→ **WORK INSTRUCTION**
The answer must be an exact printing of every record below, with the pictures omitted.

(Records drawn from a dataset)
+--

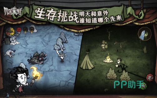 饥荒游戏中,以随机生成的荒野世界为舞台,玩家操控威尔逊、薇洛等特色角色,在四季更迭中应对生存挑战,每个角色拥有独特属性与短板,如温蒂对怪物伤害加成但精神值易波动,沃尔夫冈在饱食状态下拥有双倍力量,游戏核心理智值系统影响玩家视角,低理智时会出现幻觉怪物,需通过采摘花朵、制作料理维持精神稳定。
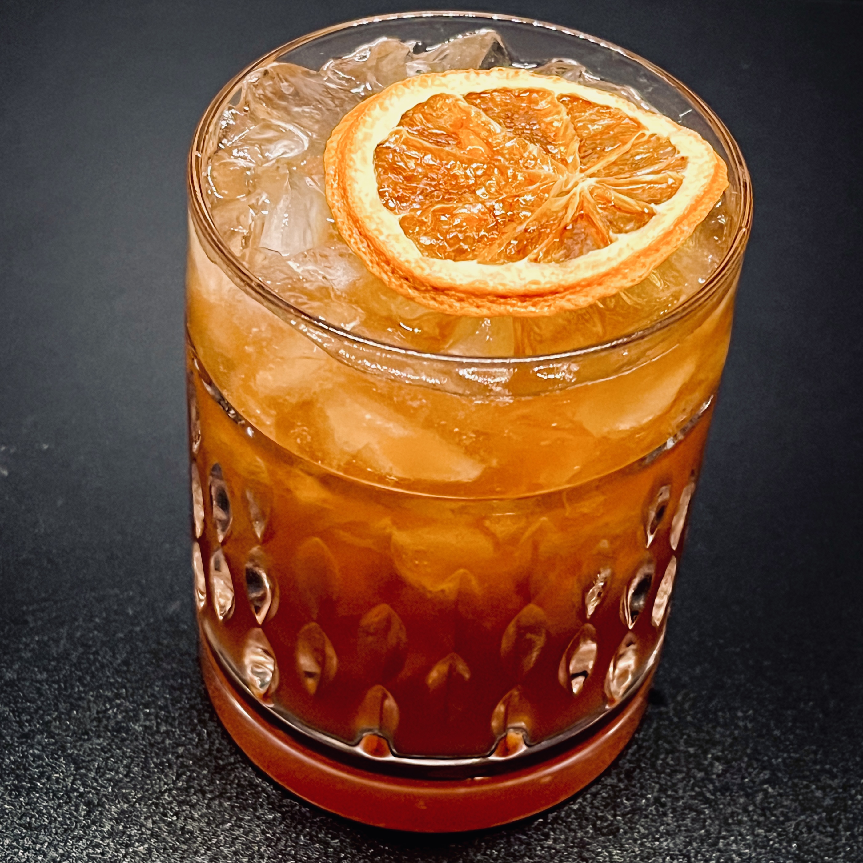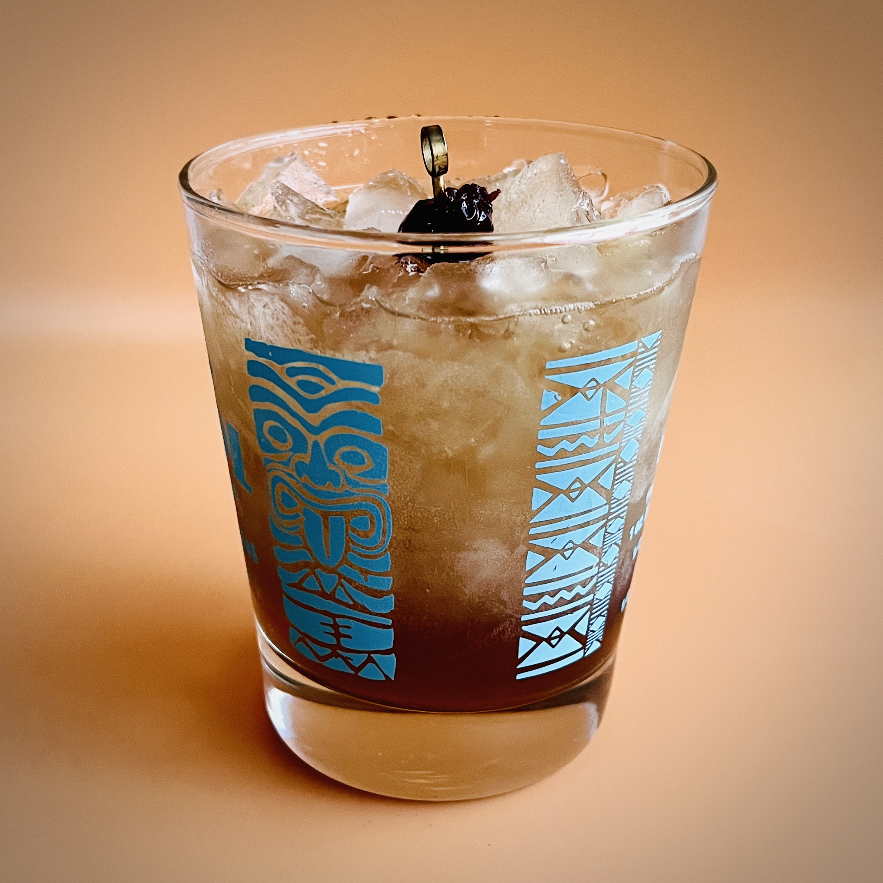 Combine ingredients in a blender with a cup of ice. Blend for about five seconds, until the ice is crushed but not liquefied. Pour into rocks glass, add more crushed ice if needed, and garnish with a maraschino cherry.
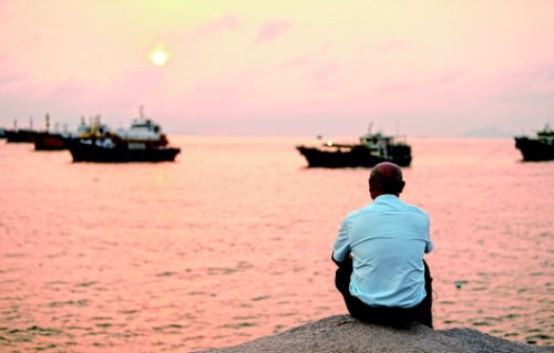 下班后,謝堅在廣東珠海市外伶仃島海邊望著遠方(2020年4月21日攝)。 本報記者鄧華攝
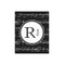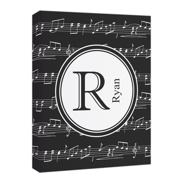Music notes are set on a white background just like a sheet of music. A simple black outlined white label is placed in the middle of the design. Personalize with an initial and name of your choice.
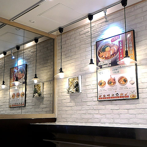 店内の壁面は、清潔感のあるイメージで、オブジェとメニューポスターが展示されています。使用しているポスターフレームは、ソフケンフレームの定番「ラクパネ」の黒色です。「ラクパネ」は、前開き式のポスターフレームですので、壁面に取り付けた状態でも、ポスターの入れ替えを行うことができます。
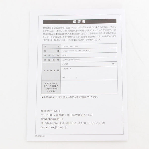 【新品】KINUJO Hair Dryer KH302 モカ ヘアドライヤー キヌージョ 絹女 本体
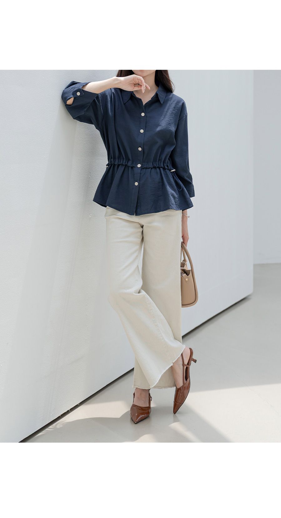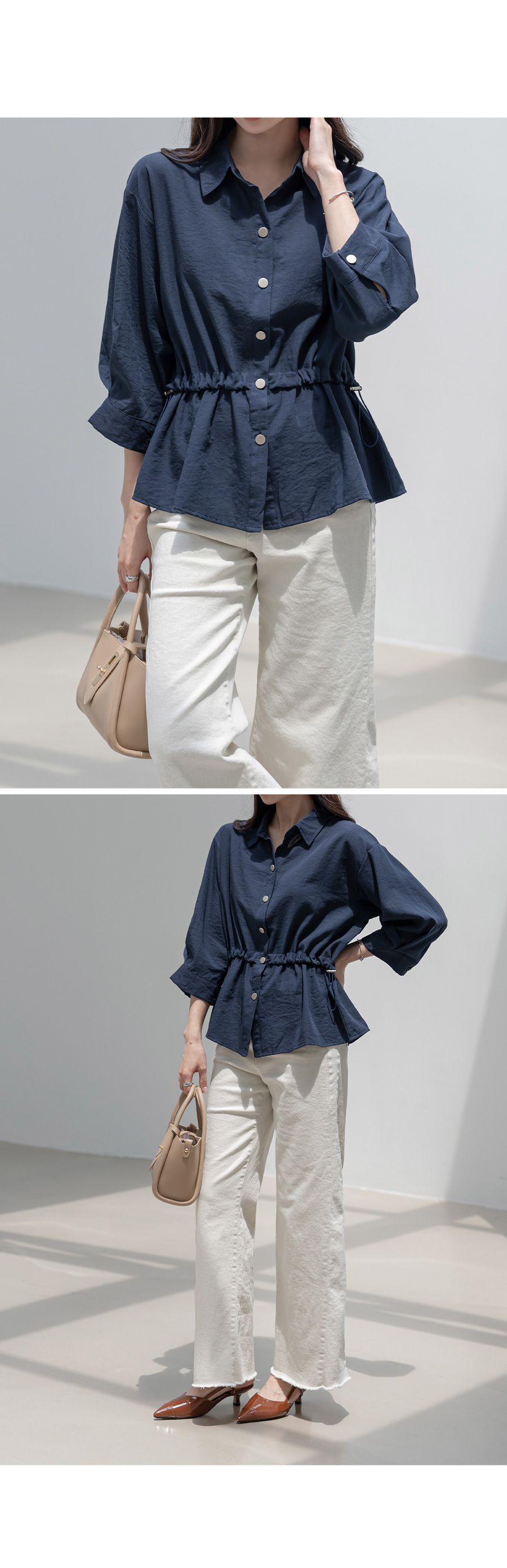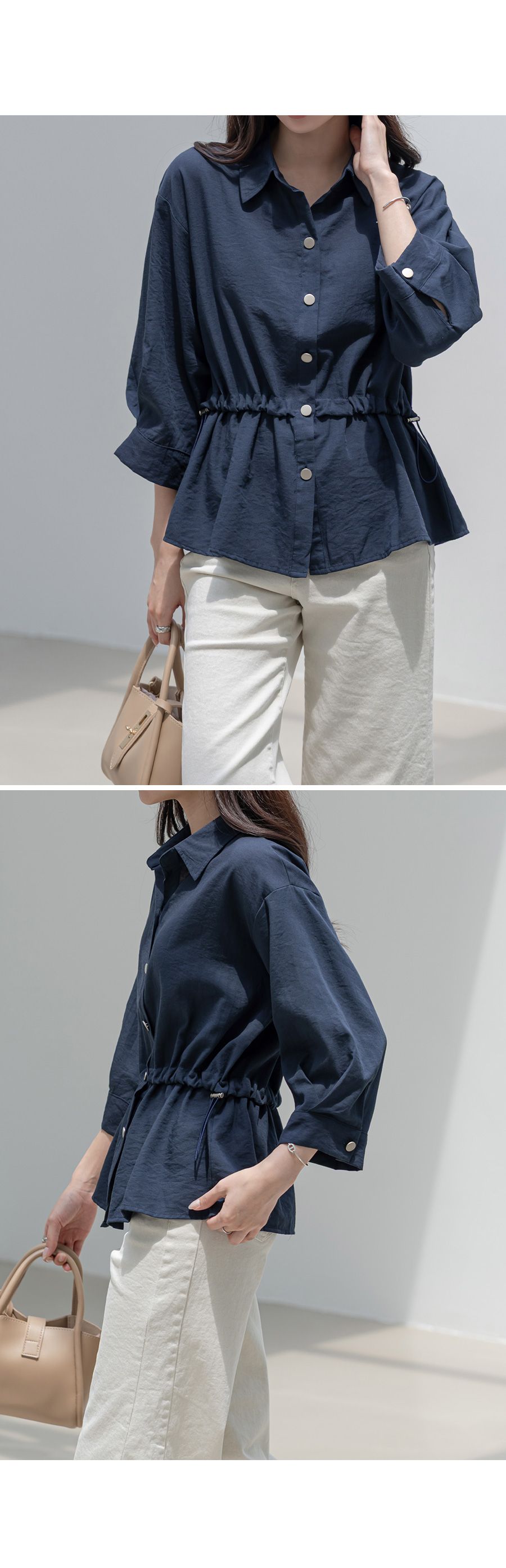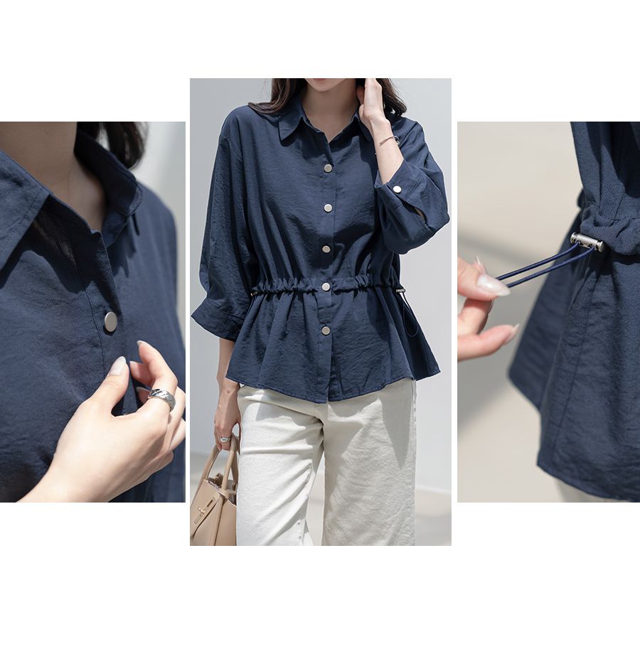 【C55218】韓國MNA 收腰七分袖襯衫-素面開襟排釦抽繩收腰七分袖上衣★★

+--

→ **RESPONSE BOX**
 饥荒游戏中,以随机生成的荒野世界为舞台,玩家操控威尔逊、薇洛等特色角色,在四季更迭中应对生存挑战,每个角色拥有独特属性与短板,如温蒂对怪物伤害加成但精神值易波动,沃尔夫冈在饱食状态下拥有双倍力量,游戏核心理智值系统影响玩家视角,低理智时会出现幻觉怪物,需通过采摘花朵、制作料理维持精神稳定。
 Combine ingredients in a blender with a cup of ice. Blend for about five seconds, until the ice is crushed but not liquefied. Pour into rocks glass, add more crushed ice if needed, and garnish with a maraschino cherry.
 下班后,謝堅在廣東珠海市外伶仃島海邊望著遠方(2020年4月21日攝)。 本報記者鄧華攝
Music notes are set on a white background just like a sheet of music. A simple black outlined white label is placed in the middle of the design. Personalize with an initial and name of your choice.
 店内の壁面は、清潔感のあるイメージで、オブジェとメニューポスターが展示されています。使用しているポスターフレームは、ソフケンフレームの定番「ラクパネ」の黒色です。「ラクパネ」は、前開き式のポスターフレームですので、壁面に取り付けた状態でも、ポスターの入れ替えを行うことができます。
 【新品】KINUJO Hair Dryer KH302 モカ ヘアドライヤー キヌージョ 絹女 本体
 【C55218】韓國MNA 收腰七分袖襯衫-素面開襟排釦抽繩收腰七分袖上衣★★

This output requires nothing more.